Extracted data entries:

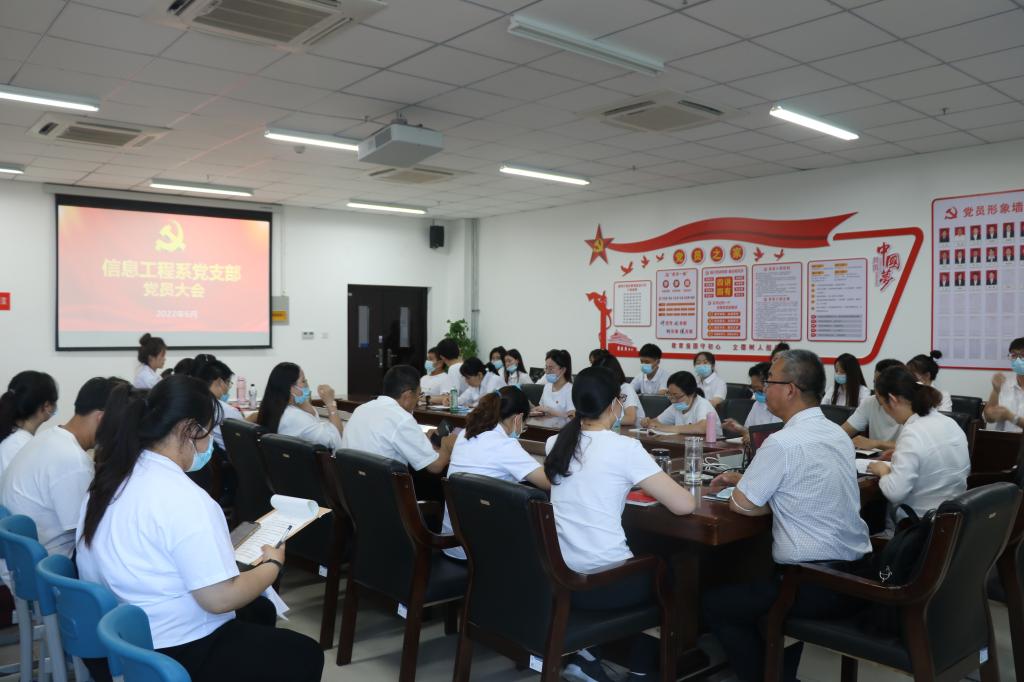 为进一步加强基层党组织建设,落实党支部发展党员工作计划,2022年6月22日,信息工程系党支部在C3-1-510会议室就发展党员工作召开党员大会,此次会议由信息工程系党支部书记田娟主持,19名党员老师、11名发展对象以及20名预备党员参会。
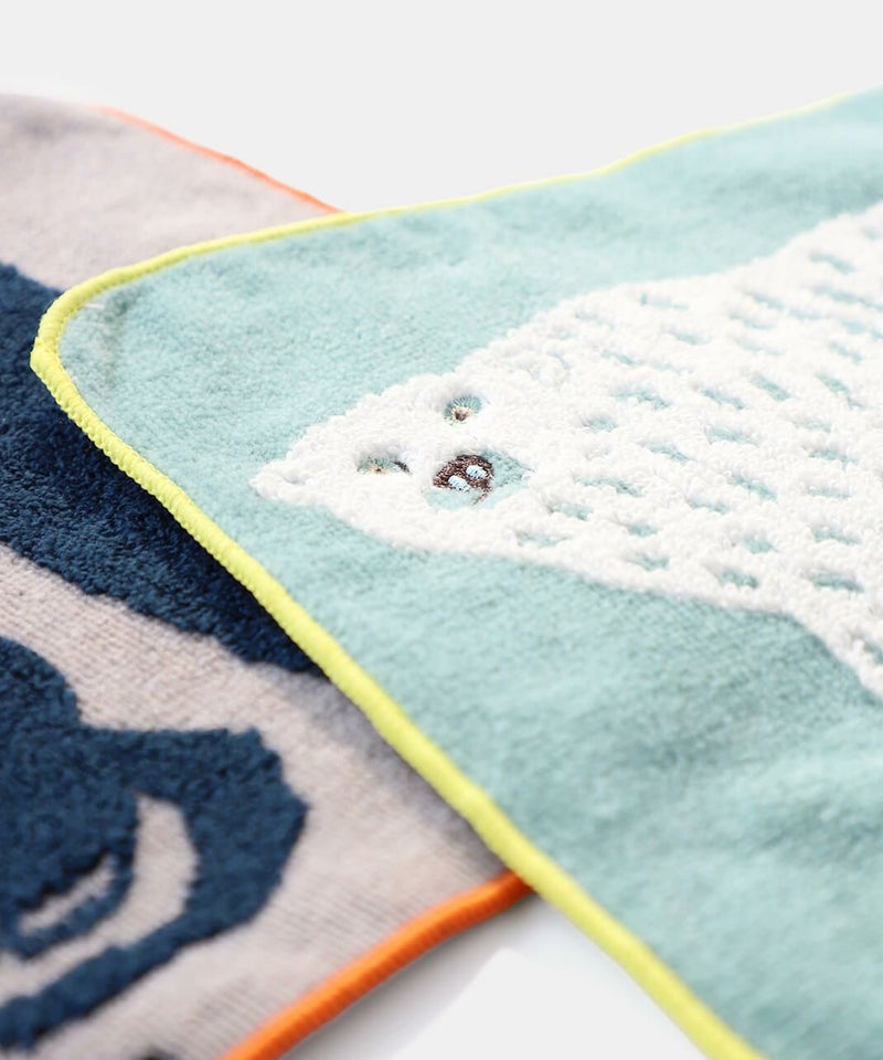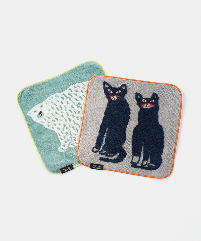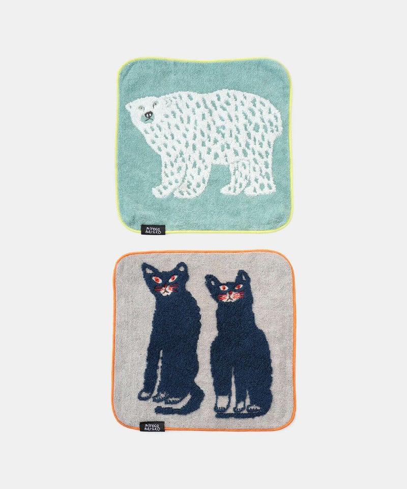 ワンポイント刺しゅうが入った、絵本作家ミロコマチコのハンドタオル。 ネコとシロクマが目を惹くハンドタオルは、普段使いはもちろんギフトにもおすすめです。
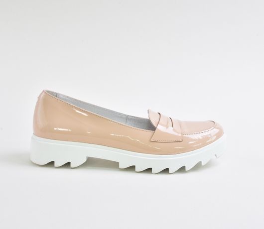 Бежеві лаковані лофери
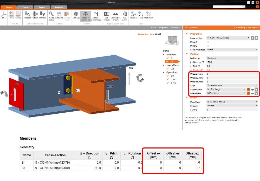 The chosen alignment type is now taken into account when displaying the table of members' offsets. The geometry table in the report calculates the total offset in the global coordinates.
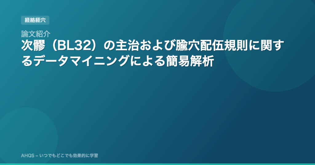 論文紹介:Brief analysis on main indications and compatibility rules of Ciliao (BL 32) based on data mining「次髎(BL32)の主治および腧穴配伍規則に関するデータマイニングによる簡易解析」
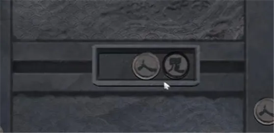 18、点击石柱右方的建筑,根据图案提示,点击中央的按钮来调整图案,黄色石柱处的正确图案为下图所示。

■ Goal of the exercise ■
Print the lines from the line with "Бежеві лаковані лофери" to the end of the data above. Include both ends, exclude the pictures, and add nothing else.

■ Result of the task ■
 Бежеві лаковані лофери
 The chosen alignment type is now taken into account when displaying the table of members' offsets. The geometry table in the report calculates the total offset in the global coordinates.
 論文紹介:Brief analysis on main indications and compatibility rules of Ciliao (BL 32) based on data mining「次髎(BL32)の主治および腧穴配伍規則に関するデータマイニングによる簡易解析」
 18、点击石柱右方的建筑,根据图案提示,点击中央的按钮来调整图案,黄色石柱处的正确图案为下图所示。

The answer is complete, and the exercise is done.